Unicef, Studium, Nebenjob
Warum gerade Unicef? “Ich habe das Gefühl, etwas zu bewirken”, sagt die Wirtschaftsstudentin. Auch die Größe der Organisation habe zu ihrer Entscheidung beigetragen, sich gerade dort zu engagieren. An Saskia kommen vier asiatische Mädchen vorbei. “Hallo”, sagt sie und hält ihnen einen Flyer entgegen. „Darf ich euch zu unserer Kleidertauschparty nächste Woche einladen?“ Die Reaktion ist positiv, aber das ist nicht immer so. “Manche Leute denken, wir wollen ihnen etwas verkaufen, obwohl das nicht stimmt. Bei Unicef habe ich gelernt, noch mehr auf Menschen zuzugehen und über unfreundliche Reaktionen zu stehen.”

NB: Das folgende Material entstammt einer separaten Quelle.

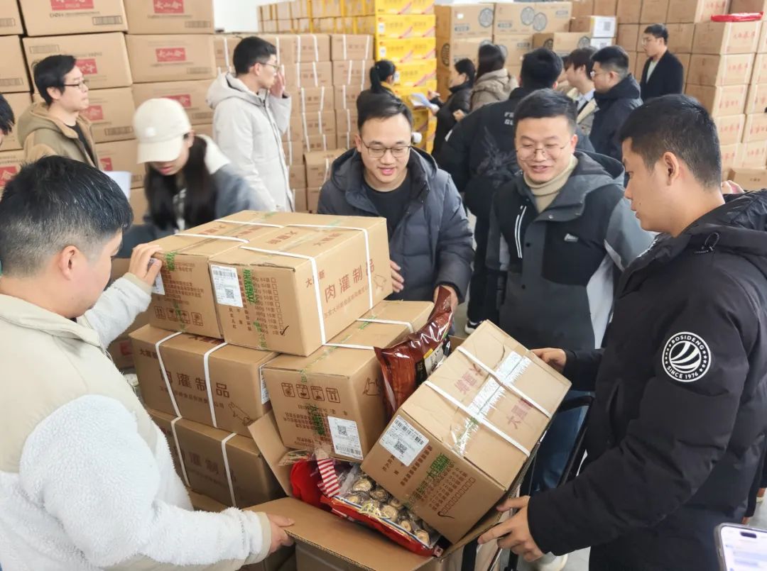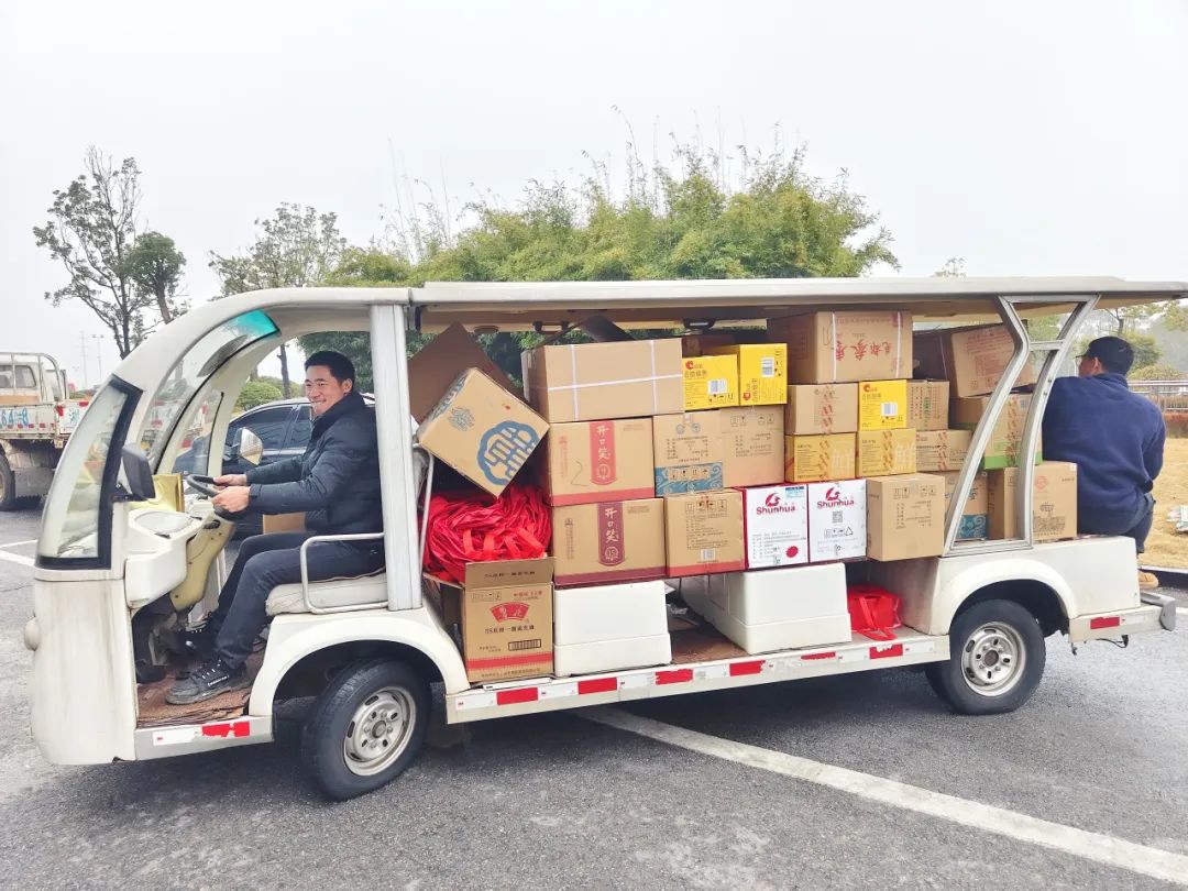 现场,前来领取年货物资的人群络绎不绝,核对数量、招呼帮手的声音不绝于耳,手搬肩扛的身影忙碌不停,被堆成了小山的小推车来回穿梭,共同构成了一派热气腾腾的景象。
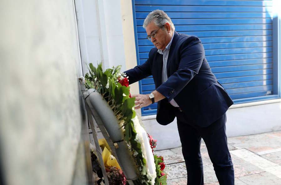 Ο Δημήτρης Κουτσούμπας κατέθεσε στεφάνι στη Marfin στην οδό Σταδίου όπου πριν 10 χρόνια 3 εργαζόμενοι είχαν βρει το θάνατο, μετά από εμπρησμό με μολότοφ.

Um acht Uhr endet Saskias Schicht bei Unicef. Sie beißt dreimal von ihrem Käsebrot ab und geht weiter. Zu ihrer zweiten Hochschulgruppe. Seit diesem Semester ist sie auch bei “Aiesec”. Drei Stunden in der Woche vermittelt sie dort Studenten an internationale Freiwilligenprogramme. Außerdem hat Saskia zwei Nebenjobs. Manchmal lässt sie dafür natürlich Vorlesungen ausfallen. Insgesamt komme sie aber immer auf mindestens 25 Punkte pro Semester. Das sind nur fünf weniger, als für die Regelstudienzeit vorgesehen ist. “Studium und Ehrenamt – das geht”, sagt Saskia. “Man muss es nur wollen.”